Brief |
Write out word for word each line of the records, beginning at the first and stopping after the line with "分享会还设置了交流讨论环节。". Leave the pictures out.

Data provided |
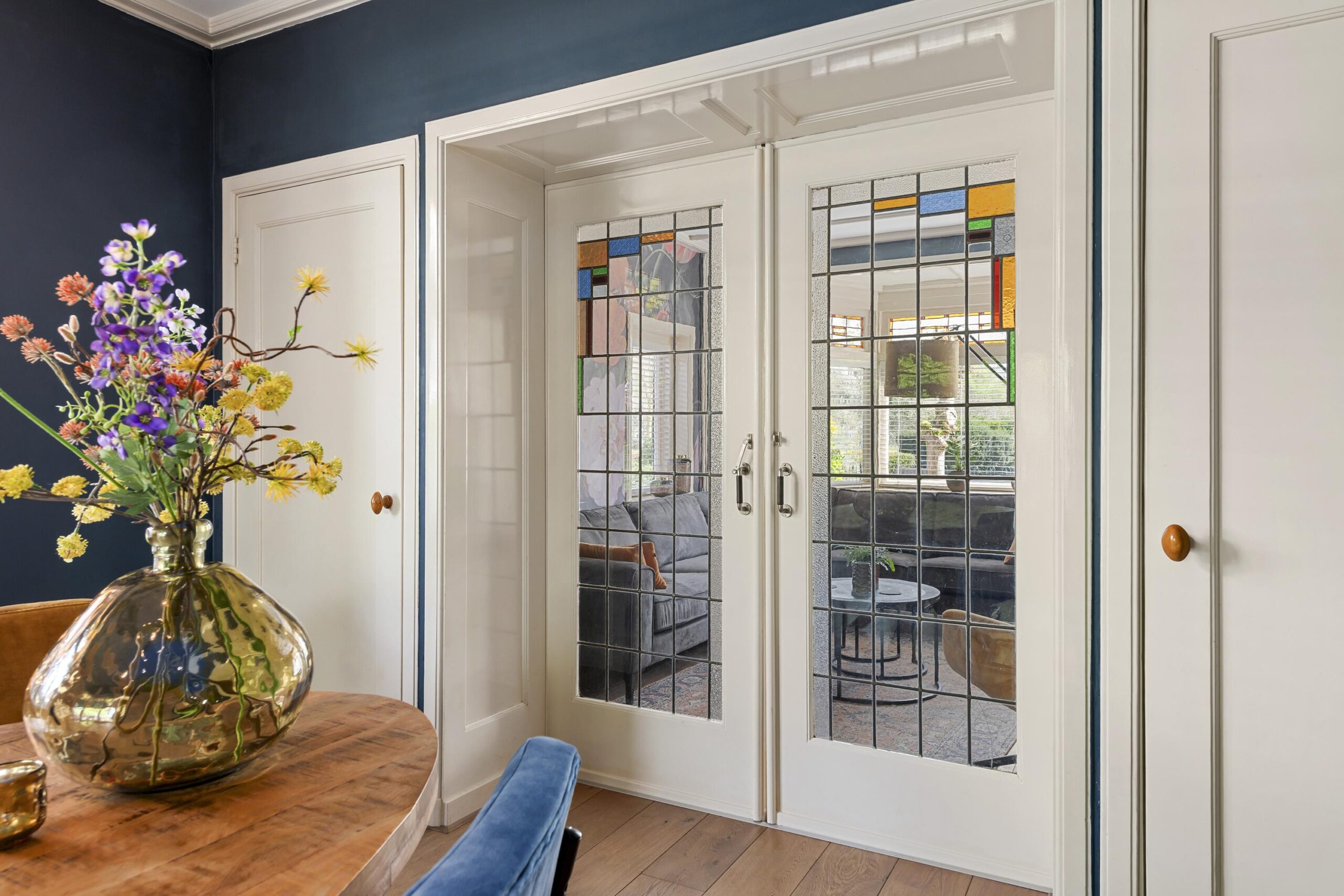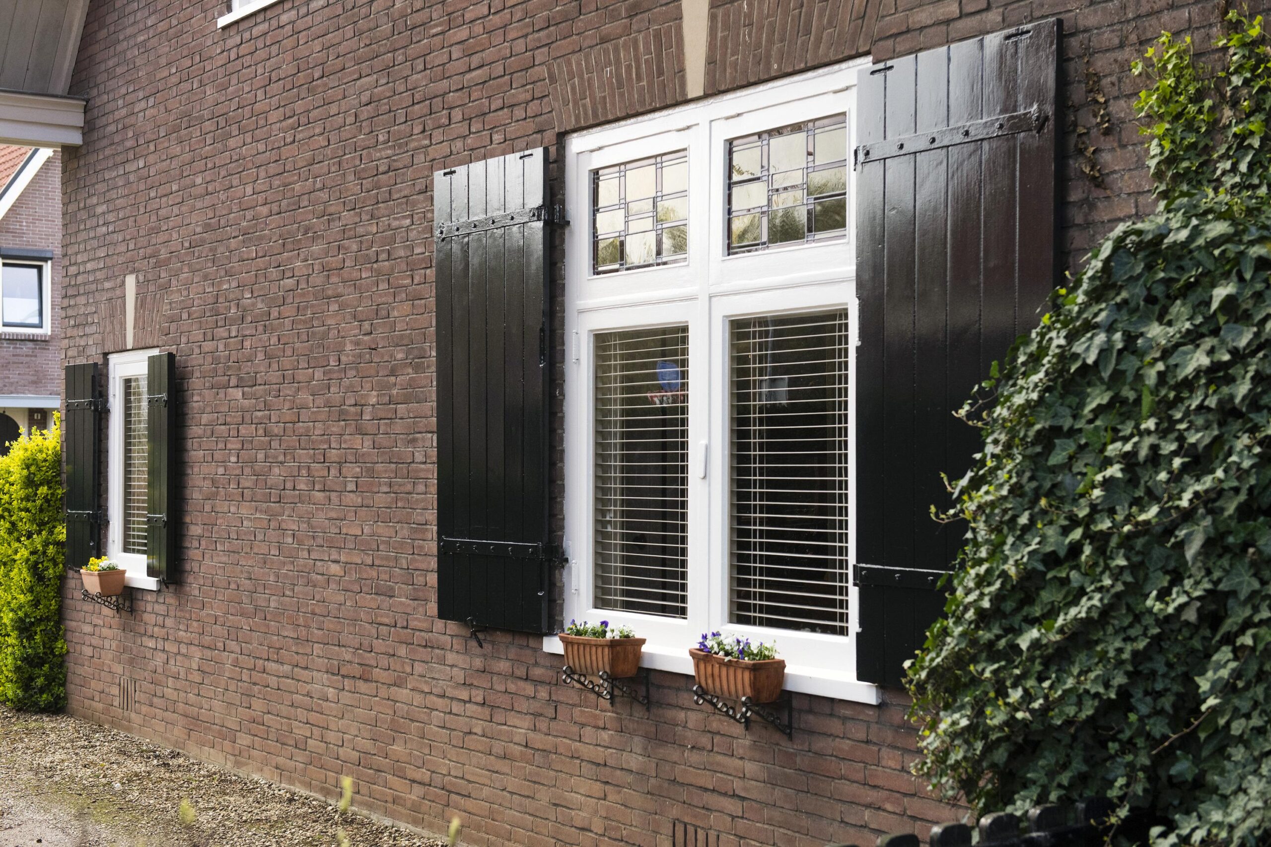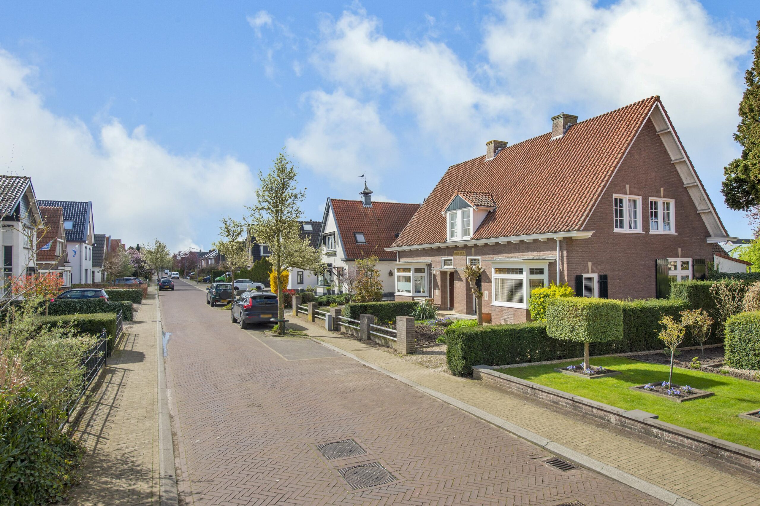 Deze bijzondere woning, gebouwd in 1939, ademt historie en klasse. Talrijke originele stijlelementen zijn met zorg behouden gebleven, waaronder de indrukwekkende woonkamer-en-suite met glas-in-lood schuifdeuren, authentieke schouwen, paneeldeuren en een originele servieskast in de keuken. Een uniek historisch detail vormt de letter ‘K’ in de voorgevel, een subtiele verwijzing naar de kelder, die tijdens de Tweede Wereldoorlog dienstdeed als schuilruimte.
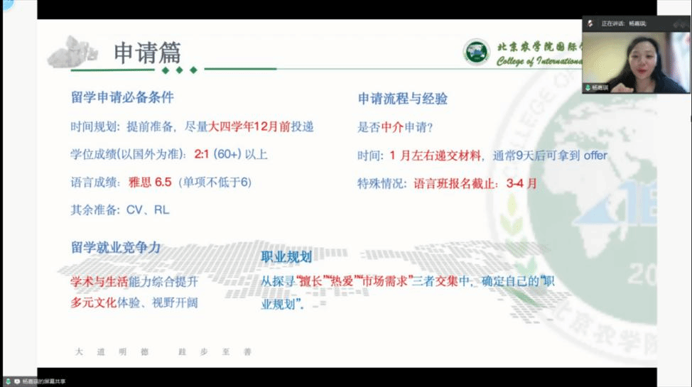 分享会还设置了交流讨论环节。尽管远隔重洋,但线上交流依然热烈,交流时间超过预定时长。同学们就自己关心的学习方法、材料准备、申研流程等问题踊跃提问,员工耐心解答,给予了极具实用性的建议,鼓励学弟学妹们保持积极乐观的心态,勇敢面对学习及申研过程中的挑战与困难。
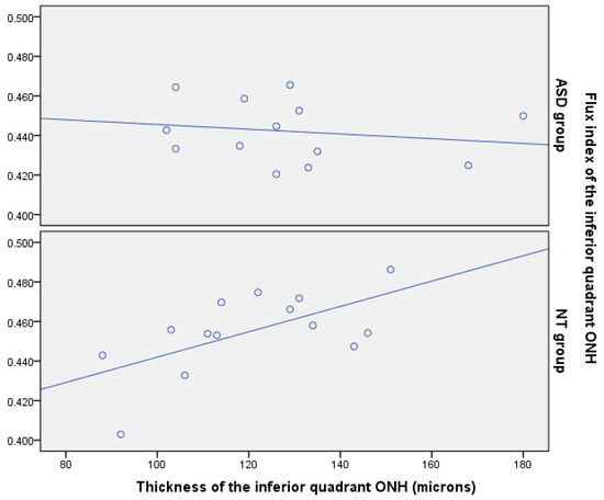 Scatterplots representing the association between peripapillary retinal nerve fiber layer (RNFL) thickness and flux index at the inferior peripapillary quadrant in autism spectrum disorder (ASD) group and neurotypical group (NT). Each point represents the left eye value of each patient. ONH = optic nerve head. Best correlation lines have been added.
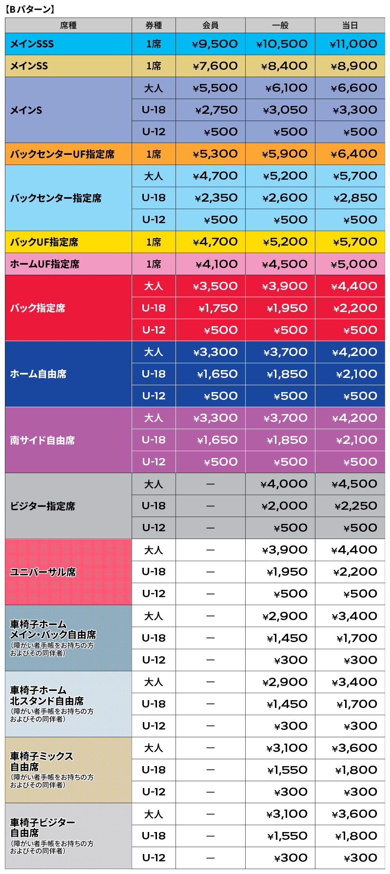 ※U-18票價適用於2008年4月2日以後出生者,U-12票價適用於2014年4月2日以後出生者。未就學兒童若坐在監護人膝上觀賽,則不需要購票。
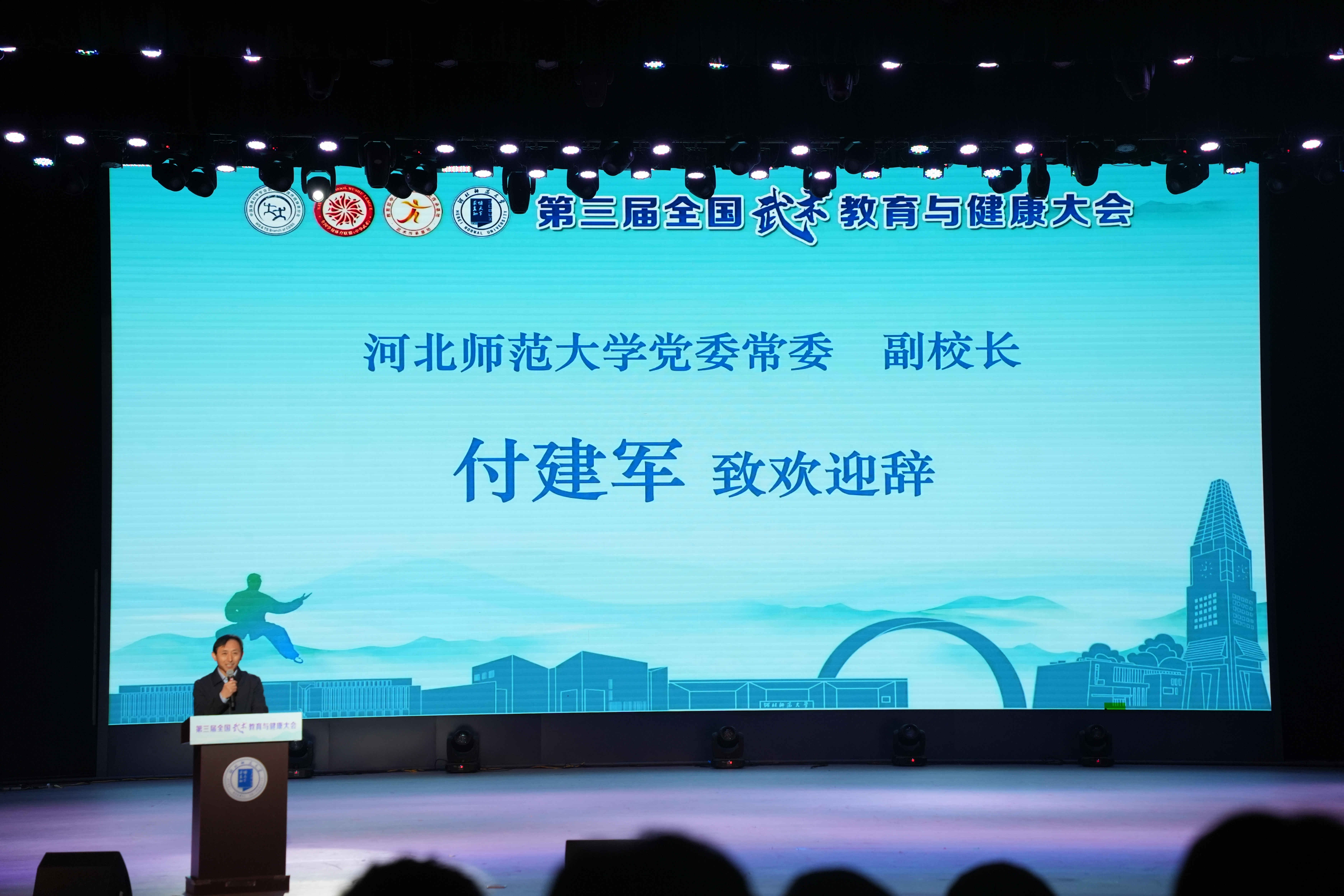 付建军在欢迎辞中指出,太阳成集团tyc234cc是河北省人民政府与教育部共建的省属重点骨干大学,河北省“双一流”建设一层次高校。太阳成集团tyc234cc将以此次大会为契机,以具有93的体育办学史为底蕴,发挥河北省唯一的“体育学”一级学科博士和硕士学位授权点、博士后科研流动站的学科优势,深入推进武术教育与教学改革,完善课程体系建设、强化团队队伍力量、以培养高素质的武术人才为目标,积极为弘扬中华优秀传统文化与增强文化自信贡献力量,努力打造武术教育品牌与特色。他表示,公司将通过创新教学模式与课程设计,推动武术教育的现代化进程,积极探索武术在弘扬中国传统文化、健康促进等领域的实践与应用,让武术成为树立文化自信、促进全民健身、提升国民健康水平的重要载体。

Final answer |
 Deze bijzondere woning, gebouwd in 1939, ademt historie en klasse. Talrijke originele stijlelementen zijn met zorg behouden gebleven, waaronder de indrukwekkende woonkamer-en-suite met glas-in-lood schuifdeuren, authentieke schouwen, paneeldeuren en een originele servieskast in de keuken. Een uniek historisch detail vormt de letter ‘K’ in de voorgevel, een subtiele verwijzing naar de kelder, die tijdens de Tweede Wereldoorlog dienstdeed als schuilruimte.
 分享会还设置了交流讨论环节。尽管远隔重洋,但线上交流依然热烈,交流时间超过预定时长。同学们就自己关心的学习方法、材料准备、申研流程等问题踊跃提问,员工耐心解答,给予了极具实用性的建议,鼓励学弟学妹们保持积极乐观的心态,勇敢面对学习及申研过程中的挑战与困难。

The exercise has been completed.